TTIC 31250 - An Introduction to the Theory of Machine Learning (Spring 2020)

Avrim Blum

Mon/Wed 3:00-4:20pm, Online

Office hours: email me and we can arrange a time to talk

Course description: This course will cover some of the basic theory underlying machine learning and the process of generalizing from data. We will talk about both the PAC model for batch learning (learning over one set of data with the intent of producing a predictor that performs well on new data) and models for learning from feedback over time (online learning). We will discuss important fundamental concepts including overfitting, uniform convergence, formal notions of Occam's razor, VC-dimension, and regularization, as well as several classic algorithms including the Perceptron algorithm, SVMs, algorithms for combining expert advice, and boosting. We will also discuss limited-feedback (bandit) algorithms, connections between learning and game theory, and formal guarantees on privacy. This will be a proof-oriented course: our focus will be on proving performance guarantees for algorithms that aim to generalize from data as well as understanding what kinds of performance guarantees we can hope to prove.

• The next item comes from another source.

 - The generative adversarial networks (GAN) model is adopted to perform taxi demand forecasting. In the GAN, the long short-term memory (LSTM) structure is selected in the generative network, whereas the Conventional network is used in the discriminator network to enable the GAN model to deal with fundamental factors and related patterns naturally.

Prerequisites: The main prerequisite is comfort with a proof-oriented course, having taken some algorithms class, and comfort with basic probabilistic modeling and reasoning. For example, 1000 programs are submitted to a stock-market prediction challenge, and we find that one of those programs has correctly predicted whether the market will go up or down the next week for 10 weeks in a row; should we feel confident that the program is a good one? Comfort with thinking about points and vectors in high-dimensional space is a plus.

Coursework: We will have 5 homework assignments, a small course project (a 4-5 page writeup based on exploring a theoretical idea, or trying some experiments, or reading and explaining a recent research paper), and a take-home final worth 1-2 homeworks. In addition, students will be asked to help with grading one of the assignments. The course project is due on the day of the last class, and the take-home final will be made available then and can be taken at your convenience during finals week.

Homeworks

Homework 1.
Homework 2.
Homework 3.
Homework 4.
Homework 5.
Course Project: Due June 3.
Take-home final: due 24 hours after you begin, or on June 12, whichever is earlier.

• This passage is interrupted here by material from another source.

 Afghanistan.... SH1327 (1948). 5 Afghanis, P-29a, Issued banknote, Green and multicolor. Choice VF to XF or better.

Lecture Notes and Tentative Plan

04/06: Introduction. The PAC model, Overfitting, and Occam's razor. See also Sections 5.1-5.3 of BHK.
04/08: Online Learning: Mistake-Bounds, Combining Experts, Multiplicative Weights, Regret Minimization. See also 5.5.1, 5.5.2, and 5.7 of BHK and 4.1-4.3 of this book chapter.
04/13: The Perceptron Algorithm, Margins, and intro to Kernels. See also Sections 5.5.3, 5.5.4, and 5.6 of BHK.
04/15: Support Vector Machines. See also this Tutorial on SVMs and kernel methods by Hofmann, Scholkopf, and Smola.
04/20: Uniform Convergence and VC-Dimension I. See also Section 5.9 of BHK.
04/22: Uniform Convergence and VC-Dimension II. See also Section 5.9 of BHK.
04/27: Rademacher Bounds. See also the monograph by Bousquet, Boucheron, and Lugosi.
04/29: Boosting. See also Section 5.10 of BHK.
05/04: Statistical Query Model I. Here is a recent tutorial.
05/06: Statistical Query Model II. For more recent developments, see this paper of Vitaly Feldman.
05/11: Computational Hardness Results for Learning.
05/13: Learning and Game Theory I. [end at 4:00pm]
05/18: Learning and Game Theory II: Book Chapter on Learning, Regret Minimization, and Equilibria. [start at 3:30]
05/20: Bandit algorithms.
05/27: Learning Finite-State Environments.
06/01: Class cancelled today.
06/03: Differential Privacy and Learning. [Course projects due today]

The take-home final will be made available starting 06/03.

Recommended texts/readings:

A. Blum, J. Hopcroft, and R. Kannan, Foundations of Data Science (Chapter 5). Called "BHK" above.
S. Shalev-Shwartz and S. Ben-David, Understanding Machine Learning: From Theory to Algorithms
O. Bousquet, S. Boucheron, and G. Lugosi, Introduction to Statistical Learning Theory.